First, plaintiffs say that when defendant pulled the January 1, 2012 reports on customers with adjustable rate mortgages, it did not discriminate between customers whose mortgages had or had not been discharged in bankruptcy. Defendant's failure to make individual determinations about pulling consumer reports is not a violation of the Act; this activity is unlawful only when defendant pulls consumer reports for groups or individuals for whom it lacks a relationship or a legitimate business purpose for reviewing the report. In other words, the question for plaintiffs is whether defendant had a proper purpose under the Act to pull their consumer reports, which has been addressed above.
Next, plaintiffs say that one of defendant's representatives stated in his deposition that he did not know why the bank obtained plaintiff Germain's consumer report in November and December 2012 and that it was not clear whether those reports were ever reviewed by defendant. Plaintiffs argue that this shows that defendant did not have a proper purpose for obtaining or using their consumer reports under the Fair Credit Reporting Act. Plaintiffs do not argue that this representative worked on Germain's account personally. Thus, the fact that he did not know why defendant pulled the reports in those specific instances was not sufficient evidence to raise a genuine dispute as to defendant's purpose for obtaining the consumer reports. Furthermore, plaintiffs do not explain why obtaining consumer reports lawfully and then not using them constitutes a violation of the Act.
Plaintiffs also argue that the court improperly expanded Congress's intent for the reach of the Act and that privacy statutes like this one should be read to provide consumers with the greatest privacy available under the statute. Nevertheless, Congress drafted the Fair Credit Reporting Act to give creditors permissible reasons to obtain debtors' consumer reports.
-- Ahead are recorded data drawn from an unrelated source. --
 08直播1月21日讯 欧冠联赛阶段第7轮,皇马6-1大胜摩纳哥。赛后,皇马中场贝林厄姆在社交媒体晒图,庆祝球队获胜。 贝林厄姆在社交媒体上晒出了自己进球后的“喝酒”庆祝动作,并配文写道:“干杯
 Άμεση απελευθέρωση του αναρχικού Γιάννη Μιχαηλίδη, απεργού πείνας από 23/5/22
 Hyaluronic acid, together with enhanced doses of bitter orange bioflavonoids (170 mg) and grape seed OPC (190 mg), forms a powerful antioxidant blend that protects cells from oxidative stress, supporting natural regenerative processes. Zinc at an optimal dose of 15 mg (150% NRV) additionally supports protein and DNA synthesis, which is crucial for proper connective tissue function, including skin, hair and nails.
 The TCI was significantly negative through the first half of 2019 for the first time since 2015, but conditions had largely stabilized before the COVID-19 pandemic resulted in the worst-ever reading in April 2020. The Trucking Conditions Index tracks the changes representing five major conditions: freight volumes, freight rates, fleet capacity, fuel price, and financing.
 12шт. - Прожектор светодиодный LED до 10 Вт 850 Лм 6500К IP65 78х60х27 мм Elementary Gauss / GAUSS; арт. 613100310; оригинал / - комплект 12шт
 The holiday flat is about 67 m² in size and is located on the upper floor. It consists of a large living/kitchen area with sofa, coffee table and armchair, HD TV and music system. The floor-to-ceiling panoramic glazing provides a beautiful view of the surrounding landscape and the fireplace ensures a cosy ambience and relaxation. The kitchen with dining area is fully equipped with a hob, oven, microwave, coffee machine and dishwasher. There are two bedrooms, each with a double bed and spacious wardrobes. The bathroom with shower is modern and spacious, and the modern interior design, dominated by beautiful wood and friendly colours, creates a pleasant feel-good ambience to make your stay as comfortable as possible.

In this case, plaintiffs agreed to enter into a credit relationship, failed to pay but continued to possess the collateral and sought to renegotiate the credit relationship. Plaintiffs have not shown why Congress would not have intended creditors to obtain their debtors' credit information in such circumstances.
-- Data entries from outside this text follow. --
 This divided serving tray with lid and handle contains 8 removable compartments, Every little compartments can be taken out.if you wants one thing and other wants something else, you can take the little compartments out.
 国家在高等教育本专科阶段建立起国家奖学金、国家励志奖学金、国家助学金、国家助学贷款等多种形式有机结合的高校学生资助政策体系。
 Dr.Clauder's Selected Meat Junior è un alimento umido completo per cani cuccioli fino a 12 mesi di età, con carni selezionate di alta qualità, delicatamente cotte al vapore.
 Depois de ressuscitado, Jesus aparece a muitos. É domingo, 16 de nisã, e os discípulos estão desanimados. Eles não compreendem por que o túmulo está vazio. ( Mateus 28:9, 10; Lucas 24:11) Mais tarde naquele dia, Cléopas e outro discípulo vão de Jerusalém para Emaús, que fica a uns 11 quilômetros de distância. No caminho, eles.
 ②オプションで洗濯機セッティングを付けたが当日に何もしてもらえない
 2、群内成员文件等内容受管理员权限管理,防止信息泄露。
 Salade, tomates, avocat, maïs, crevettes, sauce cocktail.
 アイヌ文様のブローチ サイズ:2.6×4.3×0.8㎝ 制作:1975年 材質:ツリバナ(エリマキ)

Finally, plaintiffs argue that, under the court's argument in the order granting summary judgment, plaintiff Germain's request for a deed in lieu of foreclosure is sufficient to show that defendant had a permissible purpose for obtaining his consumer report under the Act. Because plaintiffs alleged that fact in their amended complaint yet the court did not grant dismissal, they say the court's orders on dismissal and summary judgment are incongruous. I denied the motion to dismiss because "[n]either the complaint nor the bankruptcy court records identif[ied] the reason why defendant pulled plaintiffs' credit reports." Dkt. #36, at 7. At summary judgment, defendant adduced evidence that their purposes were permissible under the Act and plaintiffs failed to genuinely dispute that evidence, so defendant was entitled to judgment. Plaintiffs' argument is not a reason to alter that conclusion.
Even if the court erred in any of its conclusion, summary judgment should be granted in defendant's favor because plaintiffs have adduced no evidence that defendant acted willfully, as required under the Act when plaintiffs experience no actual damages, as is true in this case. 15 U.S.C. § 1681n(a). The question is whether defendant knowingly or recklessly violated plaintiffs' rights, or, in other words, whether the defendant knew or should have known of an "unjustifiably high" risk that a violation of the Act would occur.
Accordingly, I am denying plaintiff's motion to alter or amend the judgment. Because plaintiffs have not shown that their claims have any merit, they have not shown why the court should reconsider the order denying certification, so I am denying their motion in this respect as well.
IT IS ORDERED that plaintiffs Jon Germain's and Amber Rhy's motion to alter or amend the judgment and reconsider the order on certification, dkt. #78, is DENIED.